His works have been exhibited in numerous institutions such as the Espacio 23 of the Jorge Perez Collection, Miami; Musée Régional d’Art Contemporain MRAC Sérignan, France, including his solo exhibition (Dé)placements (2017) and the collective show Bandes à part (2018); Contemporary Art Centre of Villeurbanne, Rhône-Alpes, France (2016); Kunstverein Sparkasse, Leipzig, Germany (2014); Heidelberg Kunstverein, Germany (2011); and the Bullukian Foundation, Lyon, France (2010). Recent projects include large scale installations in La Tôlerie, Clermont Ferrand, France (2019); FLAX Foundation, Los Angeles, US (2019); and Drawing Lab Paris, France (2020).

About Marie-Ann Yemsi

Marie-Ann Yemsi is an independent curator and art consultant. In 2005, she founded her own Parisbased agency, Agent Créatif(s), which has developed a renowned expertise in cultural production and art consulting with a focus on emerging artists and artistic scenes in Africa and its Diaspora.

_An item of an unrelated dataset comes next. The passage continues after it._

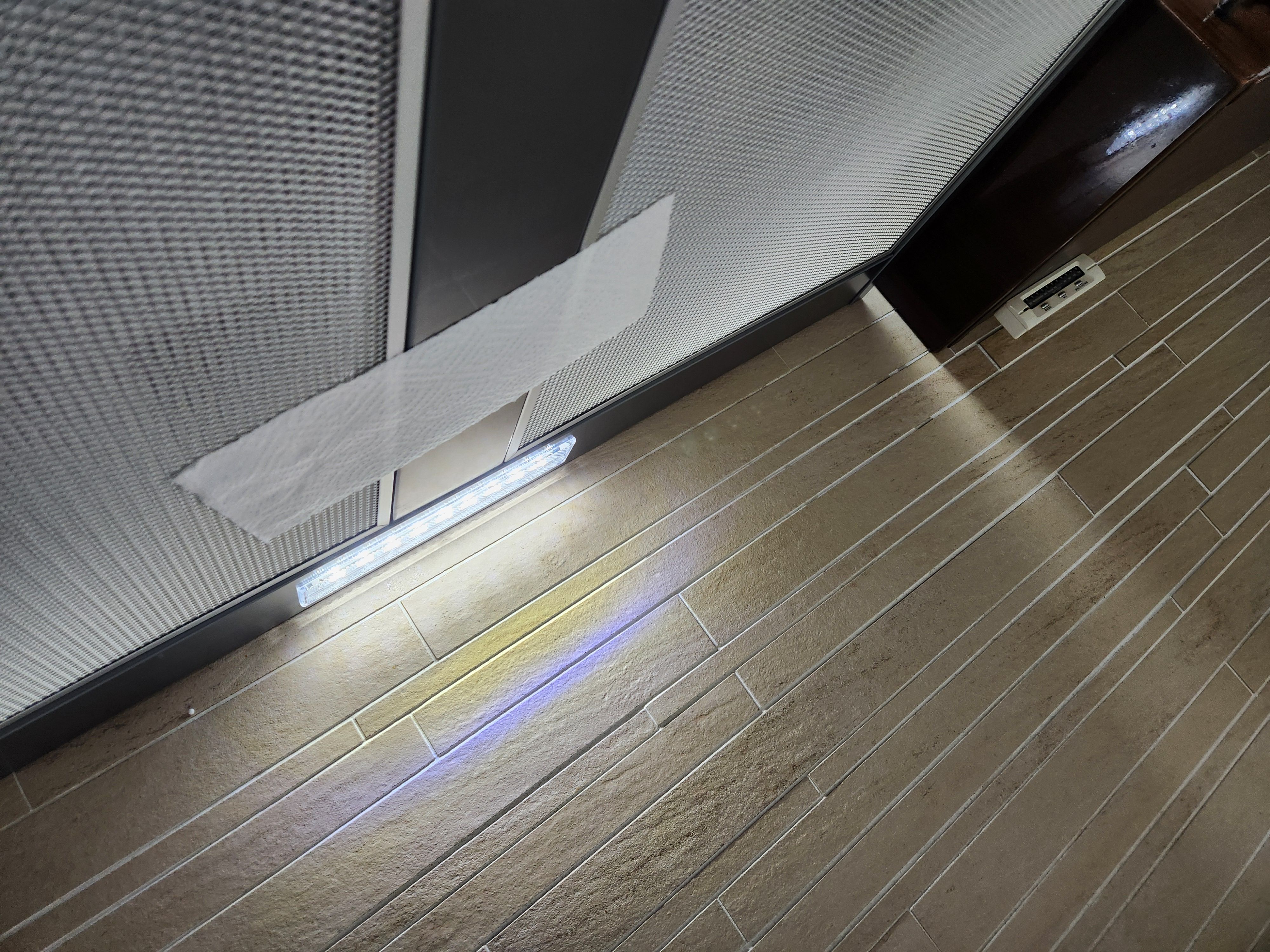 키친타올 한 장을 필터에 갖다 대니, '척' 하고 달라붙어 떨어질 줄 모릅니다. 양옆 지지대 없이 벽면 고정만으로 시공했지만, 흔들림이나 유격 없이 아주 견고하게 설치되었습니다.

She has curated several international exhibitions, including African Odysseys, Brass Cultural Center, Brussels (2015), The Days that Comes, Galerie des Galeries, Paris (2017) and A Silent Lines, Lives Here, Palais de Tokyo, Paris (2018). She was the Artistic Director of Afrotopia, the 1th edition of the Rencontres de Bamako – African Biennale of Photography in Mali (2017–2018). She is the guest curator of the Palais de Tokyo for Ubuntu, a Lucid Dream, a collective exhibition which will be presented from June 18 to September 13, 2020.

About Olivier Rachet

Olivier Rachet has an agregation in modern French literature and a degree in cinema and audiovisual arts. He currently collaborates with various newspapers, magazines and journals (Diptyk, Art Press, The Art Newspaper, Les Cahiers de Tinbad…). He has written an essay entitled Sollers en peinture, Une contre-histoire de l’art et s’apprête à publier (Sollers in Painting, A Counter-History of Art) published by Tinbad, and is preparing Mes Arabes, Un chant d’amour postcolonial (My Arabs, A Postcolonial Love Song), which will be published by the same editor in September 2020.